Introduction to ParseMSF
In parsemsf: Parse ThermoFisher MSF Files and Estimate Protein Abundances

references: - id: silva title: 'Absolute quantification of proteins by LCMSE: A Virtue of parallel MS acquisition' author: - family: Silva given: JC - family: Gorenstein given: MV - family: Li given: GZ - family: Vissers given: JP - family: Geromanos given: SJ container-title: Mol Cell Proteomics volume: 5 URL: 'https://doi.org/10.1074/mcp.M500230-MCP200' DOI: 10.1074/mcp.M500230-MCP200 issue: 1 page: 144-56 type: article-journal issued: year: 2006 month: 1

Loading peptide information from a ThermoFisher MSF

The ParseMSF package provides several functions for inspecting ThermoFisher MSF files. The most useful of these functions is make_area_table, which constructs a data frame containing all peptides and their corresponding peak areas. This data frame also includes protein information (protein_desc) for each peptide.

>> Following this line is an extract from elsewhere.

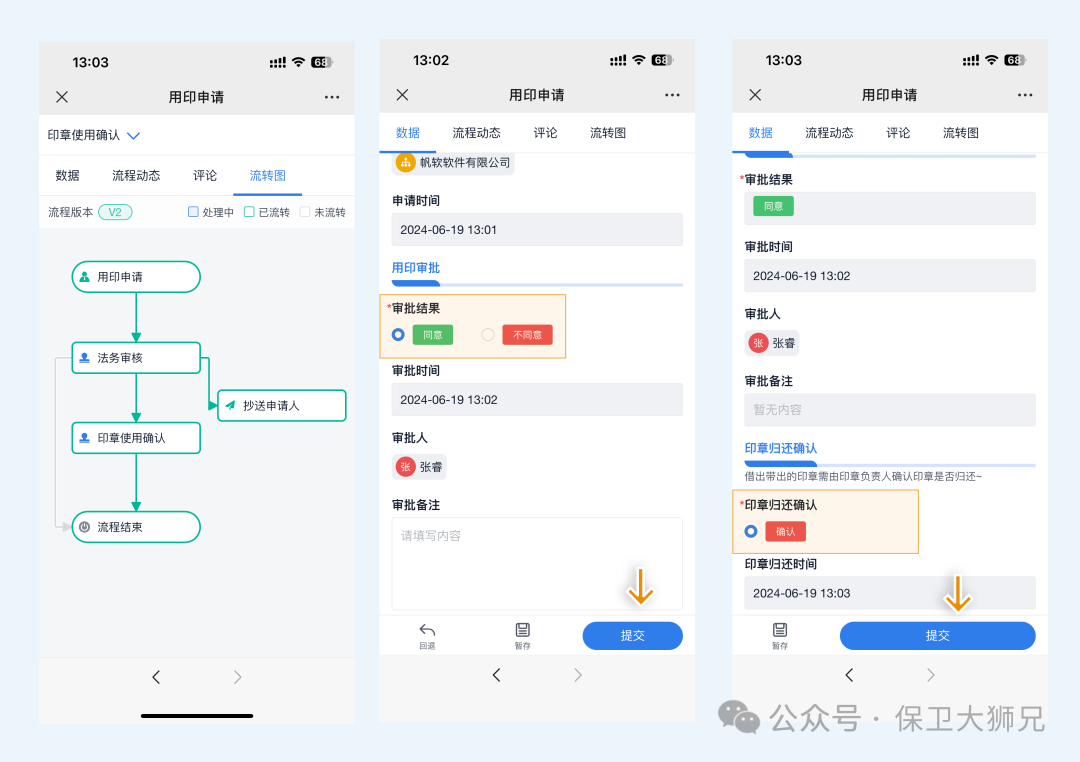 流程不再是一个单独存在的审批模块,而是直接嵌在业务动作里。比如:

NOTE: Only ThermoFisher MSF files generated by Proteome Discoverer 1.4.x are supported. Using ParseMSF functions with a file produced by any other version of Proteome Discoverer may produce unexpected results.

library(parsemsf)

# Replace `parsemsf_example("test_db.msf")` with the path to a ThermoFisher MSF file
area_table <- make_area_table(parsemsf_example("test_db.msf"))
knitr::kable(head(area_table))

See the documentation for make_area_table for a description of each column.

Estimating protein abundances

The peak area information stored in one or more ThermoFisher MSF files can be used to estimate protein abundances. The combine_tech_reps function estimates these abundances across one or more technical replicates. Technical replicates are typically different mass spectrometry injections of the same biological sample. The combine_tech_reps function will produce more accurate protein abundance estimates if it is provided with multiple technical replicates.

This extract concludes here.